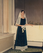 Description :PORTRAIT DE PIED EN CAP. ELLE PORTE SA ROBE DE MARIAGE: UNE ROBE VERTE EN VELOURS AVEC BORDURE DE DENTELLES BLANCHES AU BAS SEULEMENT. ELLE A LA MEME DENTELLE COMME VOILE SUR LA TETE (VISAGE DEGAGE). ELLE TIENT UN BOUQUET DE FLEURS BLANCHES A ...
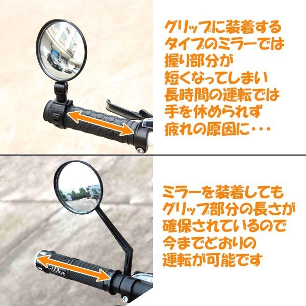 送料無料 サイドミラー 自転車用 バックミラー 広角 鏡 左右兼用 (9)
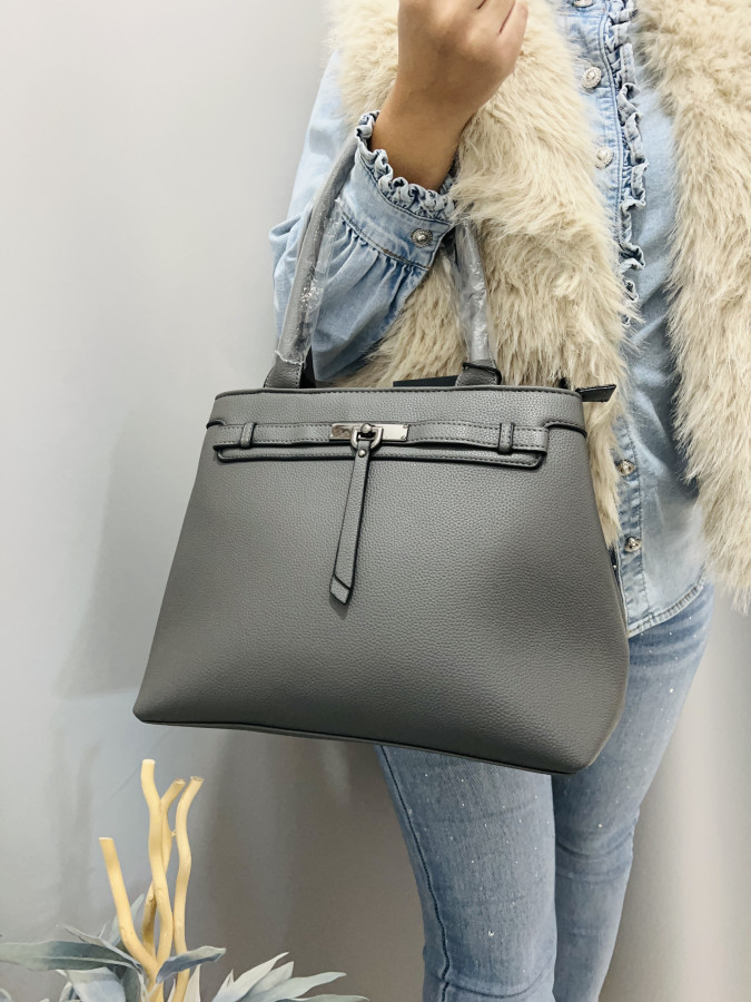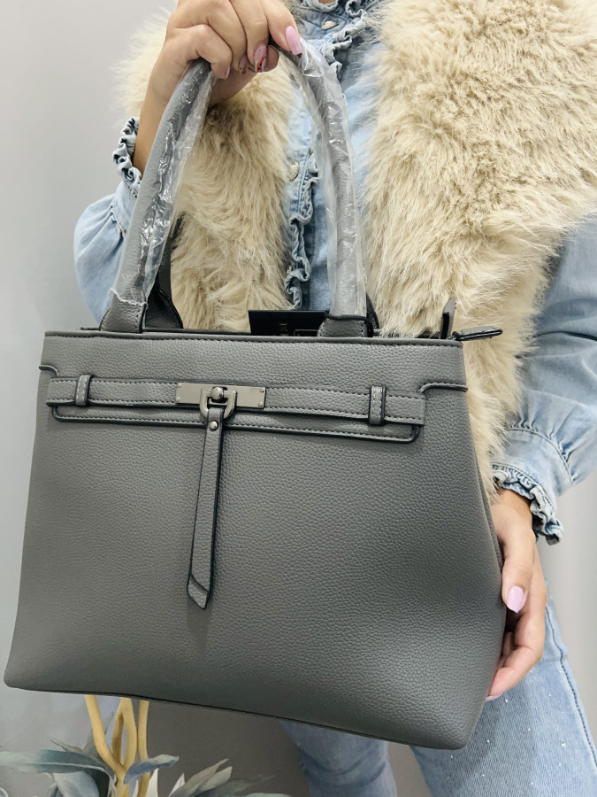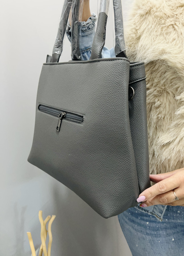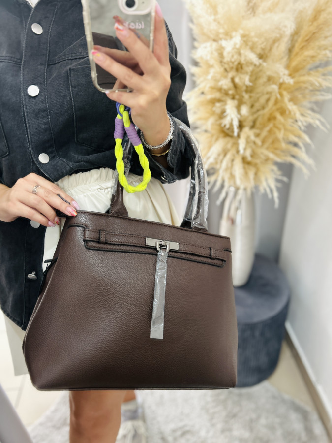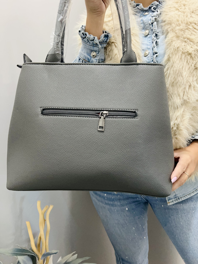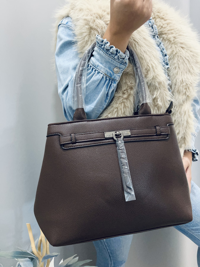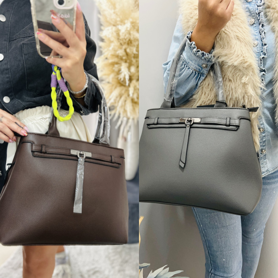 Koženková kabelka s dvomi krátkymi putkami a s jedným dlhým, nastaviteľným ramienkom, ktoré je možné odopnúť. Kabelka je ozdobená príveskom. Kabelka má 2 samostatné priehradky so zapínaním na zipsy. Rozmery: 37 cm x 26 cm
* * *
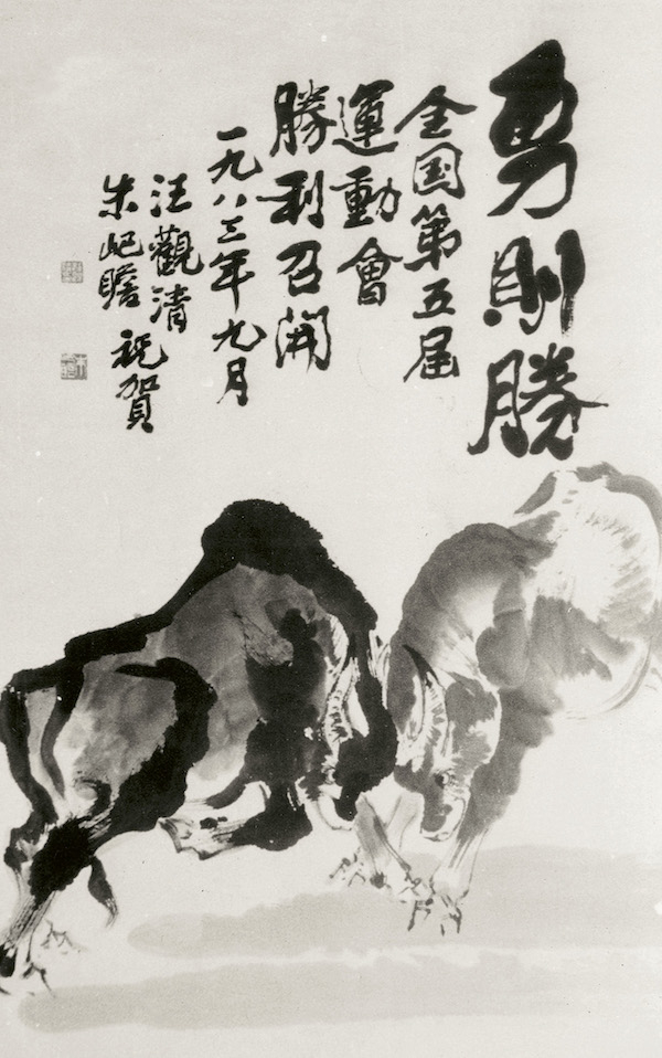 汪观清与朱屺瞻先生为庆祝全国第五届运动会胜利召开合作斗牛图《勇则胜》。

**Exercise details**
Pictures do not belong in the answer. Return the lines above starting at the one with "Description :PORTRAIT DE" and ending at the one with "Koženková kabelka s", both kept, exactly.

**Response area**
 Description :PORTRAIT DE PIED EN CAP. ELLE PORTE SA ROBE DE MARIAGE: UNE ROBE VERTE EN VELOURS AVEC BORDURE DE DENTELLES BLANCHES AU BAS SEULEMENT. ELLE A LA MEME DENTELLE COMME VOILE SUR LA TETE (VISAGE DEGAGE). ELLE TIENT UN BOUQUET DE FLEURS BLANCHES A ...
 送料無料 サイドミラー 自転車用 バックミラー 広角 鏡 左右兼用 (9)
 Koženková kabelka s dvomi krátkymi putkami a s jedným dlhým, nastaviteľným ramienkom, ktoré je možné odopnúť. Kabelka je ozdobená príveskom. Kabelka má 2 samostatné priehradky so zapínaním na zipsy. Rozmery: 37 cm x 26 cm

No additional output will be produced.